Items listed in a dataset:
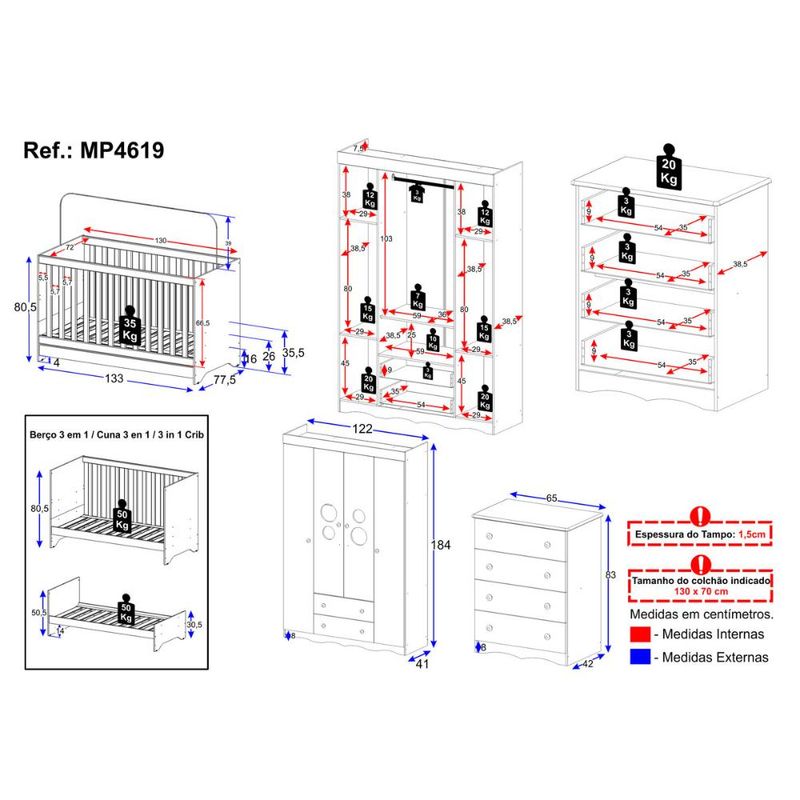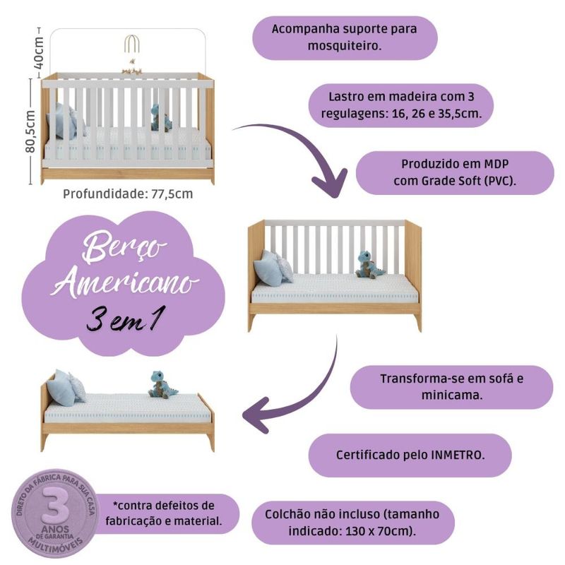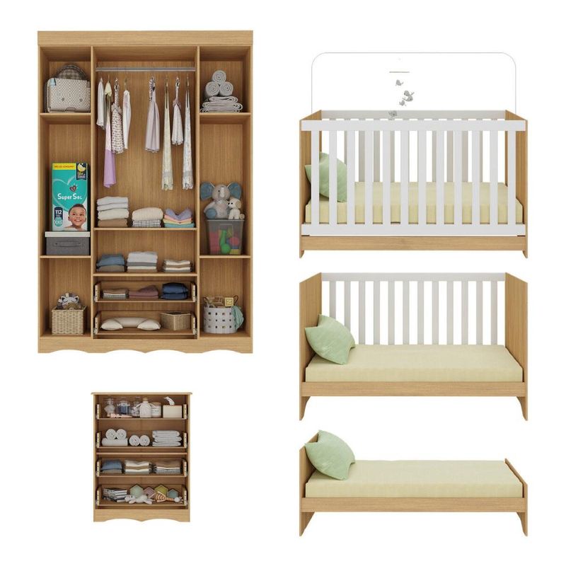 Casa e DecoraçãoMóveisQuarto completoQuarto de Bebê Completo com Berço Americano 3 em 1 Sonho Multimóveis MP4619
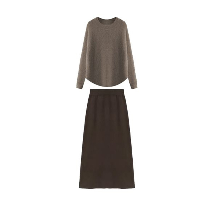 Одежда для ранней осени 2025: новый комплект в стиле «допаминовый чай» для полных женщин, облегающее платье-костюм из двух предметов для женщин
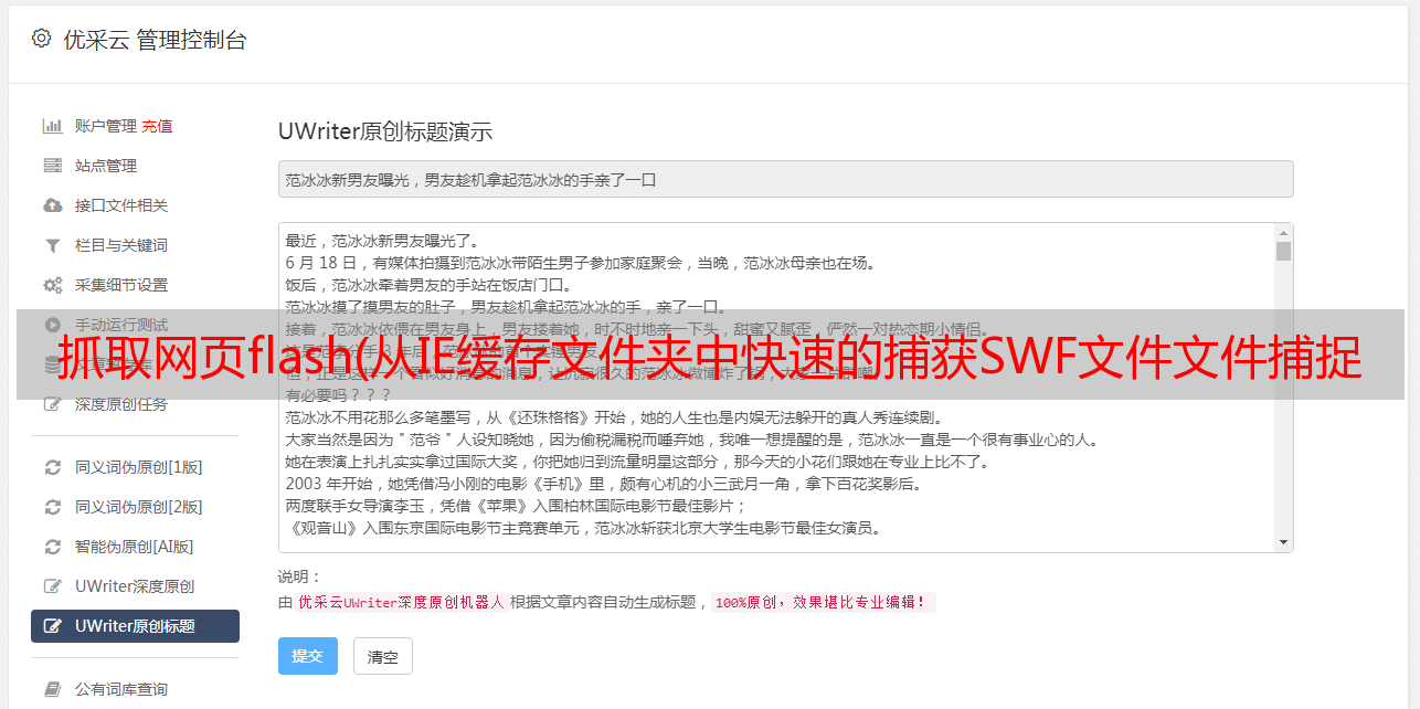 优采云 发布时间: 2021-09-12 04:09抓取网页flash(从IE缓存文件夹中快速的捕获SWF文件文件捕捉提取工具)
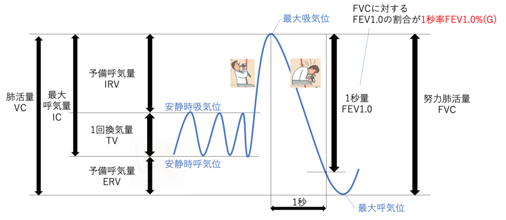 一般的に1秒率と呼ばれるのはFEV1.0(G)の方です。
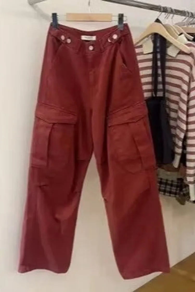 時髦復古風大紅寬褲

Work task
Exactly the lines from the one that contains "优采云 发布时间: 2021-09-12" through the last line of the records should be set down, and the pictures should be dropped.

Answer box
 优采云 发布时间: 2021-09-12 04:09抓取网页flash(从IE缓存文件夹中快速的捕获SWF文件文件捕捉提取工具)
 一般的に1秒率と呼ばれるのはFEV1.0(G)の方です。
 時髦復古風大紅寬褲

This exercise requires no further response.